> **ABOUT THIS EXERCISE**
Reproduce all the lines below exactly and omit the images.

> **PROVIDED MATERIAL**
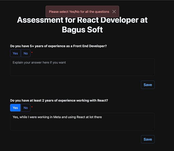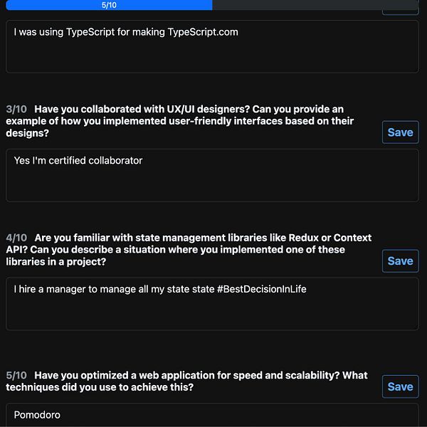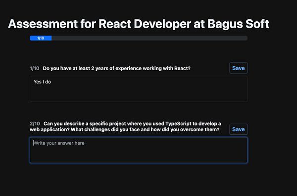 #applicantai assessments. add progress bar and show only next question to make it easier to answer (before was all in once)
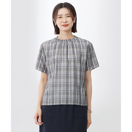 ■デザイン襟元にゴムを入れたボタンレス仕様で、着脱もスムーズなブラウスライクカットソー。フリル襟のようなニュアンスが生まれ、さりげないアクセントになっています。袖口にはほんのりと広がりを持たせたフレアシルエットを取り入れ、腕周りを柔らかくカバー。身頃は肌からふわりと離れるゆとりあるシルエットで、涼しげな肌離れの良い1枚です。身頃の内側にはジャージインナーを重ね、透け感を気にせず1枚でさらりと着用できる仕立てにしました。カラーは、明るい差し色の入った清潔感のあるオフストライプ(#101)、涼し気な差し色の入った肌なじみの良いグレージュストライプ(#133)のストライプ柄2色と、コーディネートの上品なアクセントになるグレーチェック(#304)、落ち着きのある洗練された雰囲気のダークブラウンチェック(#335)のチェック柄2色の全4色展開。
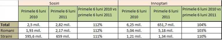 - Innoptarile au insumat 6,517 milioane, in crestere cu 4,2% fata de cele din semestrul I 2010. Innoptarile turistilor romani au reprezentat 79,5% din numarul total.

> **OUTPUT**
 #applicantai assessments. add progress bar and show only next question to make it easier to answer (before was all in once)
 ■デザイン襟元にゴムを入れたボタンレス仕様で、着脱もスムーズなブラウスライクカットソー。フリル襟のようなニュアンスが生まれ、さりげないアクセントになっています。袖口にはほんのりと広がりを持たせたフレアシルエットを取り入れ、腕周りを柔らかくカバー。身頃は肌からふわりと離れるゆとりあるシルエットで、涼しげな肌離れの良い1枚です。身頃の内側にはジャージインナーを重ね、透け感を気にせず1枚でさらりと着用できる仕立てにしました。カラーは、明るい差し色の入った清潔感のあるオフストライプ(#101)、涼し気な差し色の入った肌なじみの良いグレージュストライプ(#133)のストライプ柄2色と、コーディネートの上品なアクセントになるグレーチェック(#304)、落ち着きのある洗練された雰囲気のダークブラウンチェック(#335)のチェック柄2色の全4色展開。
 - Innoptarile au insumat 6,517 milioane, in crestere cu 4,2% fata de cele din semestrul I 2010. Innoptarile turistilor romani au reprezentat 79,5% din numarul total.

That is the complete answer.